Task objective
Look below for the line containing "Šálek + podšálek", then write out that line and every line after it to the end, exactly, minus the pictures.

Collected material
--
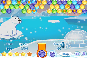 鼠标移动控制发射的方向,点击左键发射泡泡。三个或以上相同的泡泡连在一起即可消除。
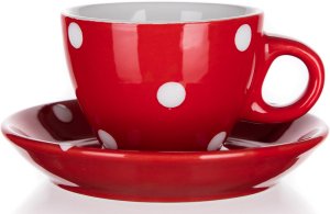 Šálek + podšálek 100 ml, puntíky, keramický ČRV. objem: 100 ml materiál: keramika barva: červená Šálek s podšálkem DOTS, červený s bílými puntíky, je vyrobený z kvalitní keramiky.
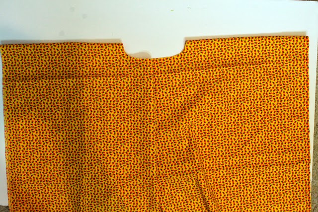 1. Fold a 32"x40" piece of fabric in half. At the center of the fold, cut a 9" circle for the neckline.
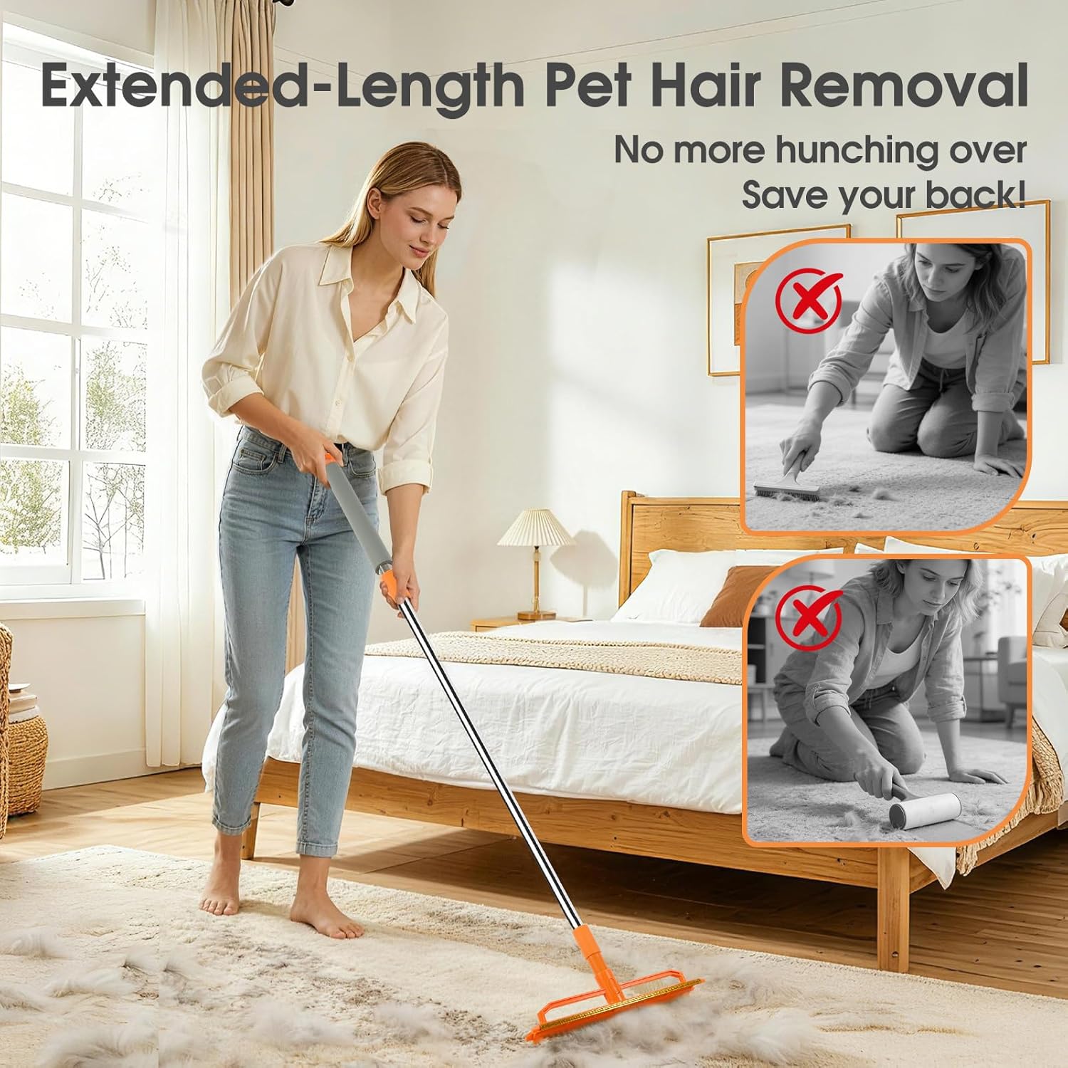 Adjustable Long Handle Pet Hair Removal Tool: This pet hair removal broom has an extended handle with 8 adjustable heights (29”-59”) to fit all users. It easily reaches high curtains, cabinets and hard-to-reach areas. The non-slip sponge handle ensures a comfortable grip, and the extra-long design lets you clean without bending or kneeling, relieving back and waist pressure.
--
Answer section
 Šálek + podšálek 100 ml, puntíky, keramický ČRV. objem: 100 ml materiál: keramika barva: červená Šálek s podšálkem DOTS, červený s bílými puntíky, je vyrobený z kvalitní keramiky.
 1. Fold a 32"x40" piece of fabric in half. At the center of the fold, cut a 9" circle for the neckline.
 Adjustable Long Handle Pet Hair Removal Tool: This pet hair removal broom has an extended handle with 8 adjustable heights (29”-59”) to fit all users. It easily reaches high curtains, cabinets and hard-to-reach areas. The non-slip sponge handle ensures a comfortable grip, and the extra-long design lets you clean without bending or kneeling, relieving back and waist pressure.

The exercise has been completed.